◆ EXERCISE AIM: Would you reproduce each of the records below precisely, with the pictures left out?

◆ GIVEN RECORDS:
..............................

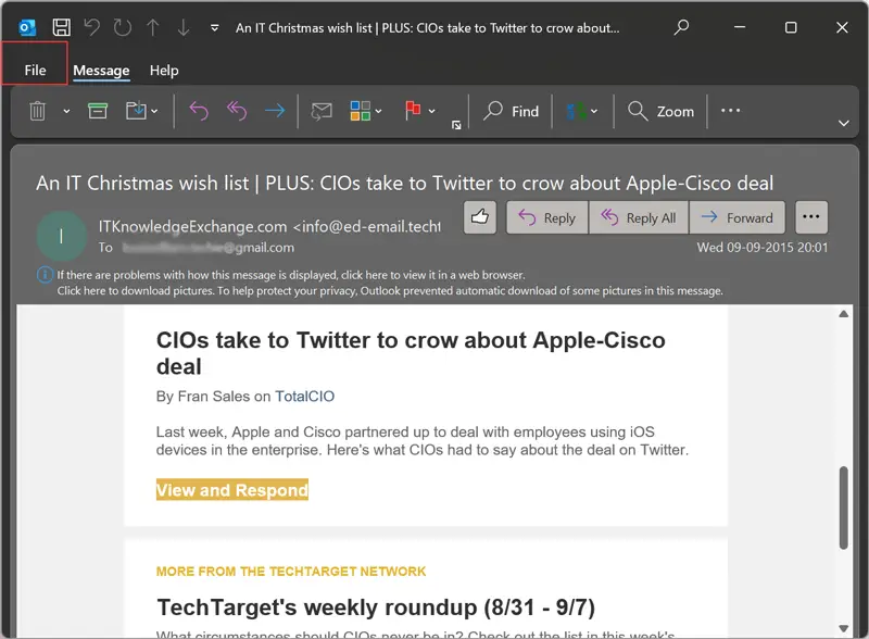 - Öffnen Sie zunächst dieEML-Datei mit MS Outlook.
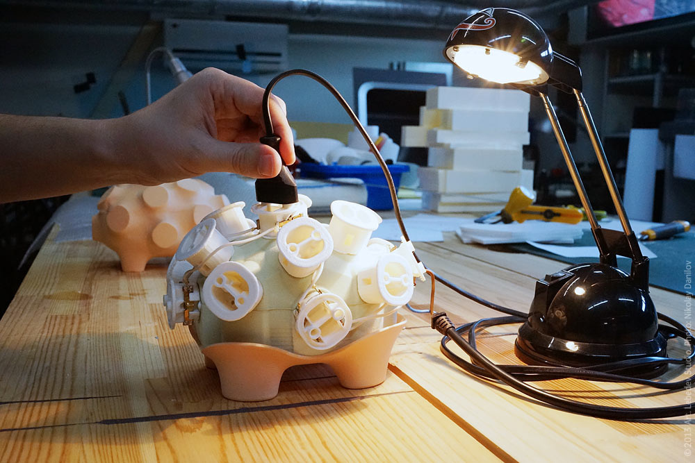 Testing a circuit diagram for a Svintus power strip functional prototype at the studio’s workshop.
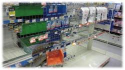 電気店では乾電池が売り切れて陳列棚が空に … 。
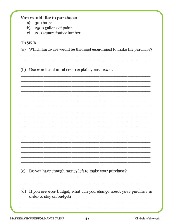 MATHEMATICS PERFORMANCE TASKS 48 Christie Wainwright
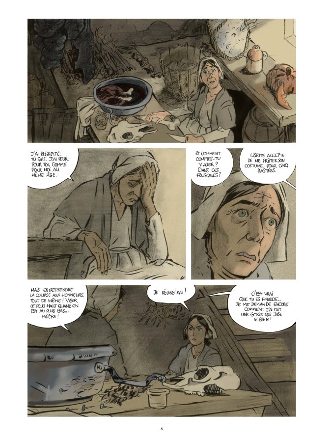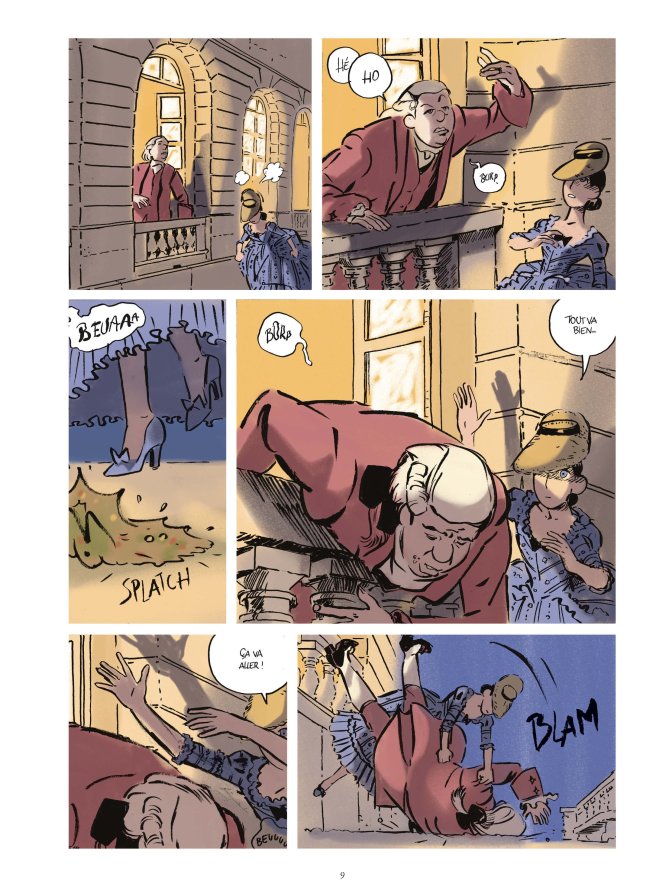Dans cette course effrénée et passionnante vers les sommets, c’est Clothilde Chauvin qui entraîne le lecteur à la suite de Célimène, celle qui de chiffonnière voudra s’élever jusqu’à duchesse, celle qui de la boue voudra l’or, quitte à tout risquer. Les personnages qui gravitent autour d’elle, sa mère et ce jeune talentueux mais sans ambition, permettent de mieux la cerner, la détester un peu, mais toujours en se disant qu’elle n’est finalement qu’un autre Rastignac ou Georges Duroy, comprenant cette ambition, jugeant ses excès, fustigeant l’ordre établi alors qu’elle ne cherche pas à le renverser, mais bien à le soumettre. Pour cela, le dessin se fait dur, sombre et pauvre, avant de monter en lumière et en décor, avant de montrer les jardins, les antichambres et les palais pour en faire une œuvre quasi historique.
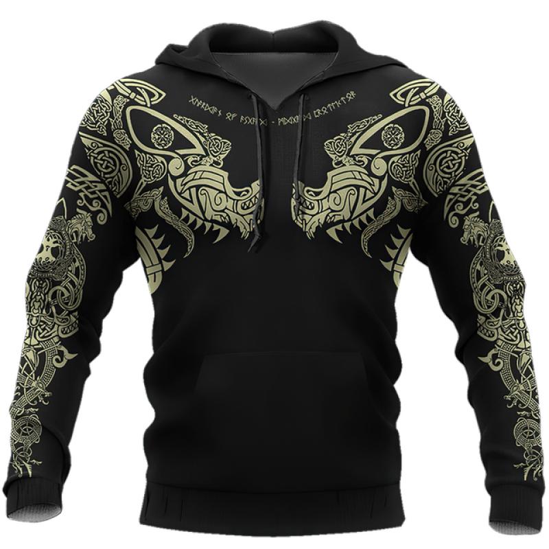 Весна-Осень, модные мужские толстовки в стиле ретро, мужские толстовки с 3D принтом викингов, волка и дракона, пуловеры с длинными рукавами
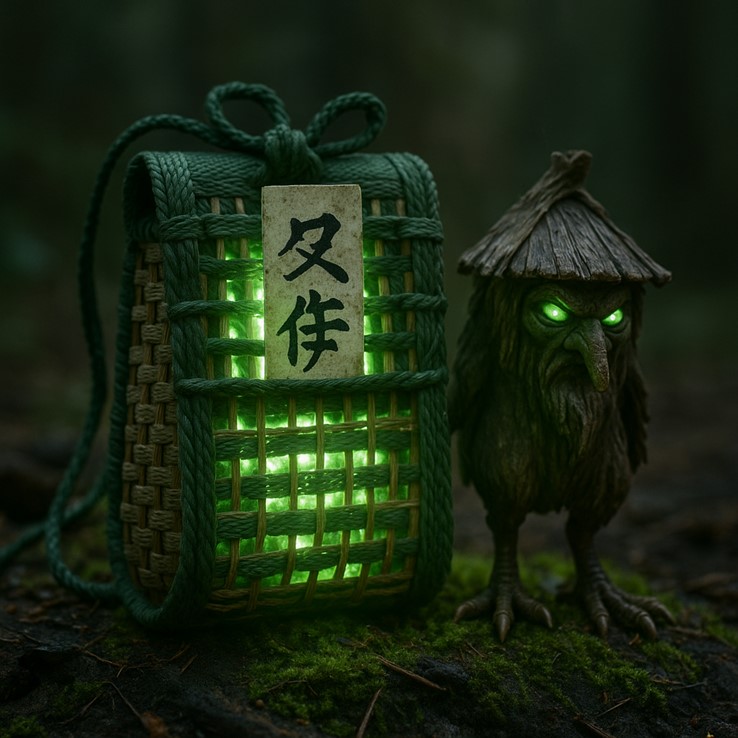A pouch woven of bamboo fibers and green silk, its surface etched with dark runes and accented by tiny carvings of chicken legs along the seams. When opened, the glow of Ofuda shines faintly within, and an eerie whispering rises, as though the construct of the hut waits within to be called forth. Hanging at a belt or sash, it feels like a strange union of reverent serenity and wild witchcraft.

..............................

◆ EXERCISE RESPONSE:
 - Öffnen Sie zunächst dieEML-Datei mit MS Outlook.
 Testing a circuit diagram for a Svintus power strip functional prototype at the studio’s workshop.
 電気店では乾電池が売り切れて陳列棚が空に … 。
 MATHEMATICS PERFORMANCE TASKS 48 Christie Wainwright
Dans cette course effrénée et passionnante vers les sommets, c’est Clothilde Chauvin qui entraîne le lecteur à la suite de Célimène, celle qui de chiffonnière voudra s’élever jusqu’à duchesse, celle qui de la boue voudra l’or, quitte à tout risquer. Les personnages qui gravitent autour d’elle, sa mère et ce jeune talentueux mais sans ambition, permettent de mieux la cerner, la détester un peu, mais toujours en se disant qu’elle n’est finalement qu’un autre Rastignac ou Georges Duroy, comprenant cette ambition, jugeant ses excès, fustigeant l’ordre établi alors qu’elle ne cherche pas à le renverser, mais bien à le soumettre. Pour cela, le dessin se fait dur, sombre et pauvre, avant de monter en lumière et en décor, avant de montrer les jardins, les antichambres et les palais pour en faire une œuvre quasi historique.
 Весна-Осень, модные мужские толстовки в стиле ретро, мужские толстовки с 3D принтом викингов, волка и дракона, пуловеры с длинными рукавами
A pouch woven of bamboo fibers and green silk, its surface etched with dark runes and accented by tiny carvings of chicken legs along the seams. When opened, the glow of Ofuda shines faintly within, and an eerie whispering rises, as though the construct of the hut waits within to be called forth. Hanging at a belt or sash, it feels like a strange union of reverent serenity and wild witchcraft.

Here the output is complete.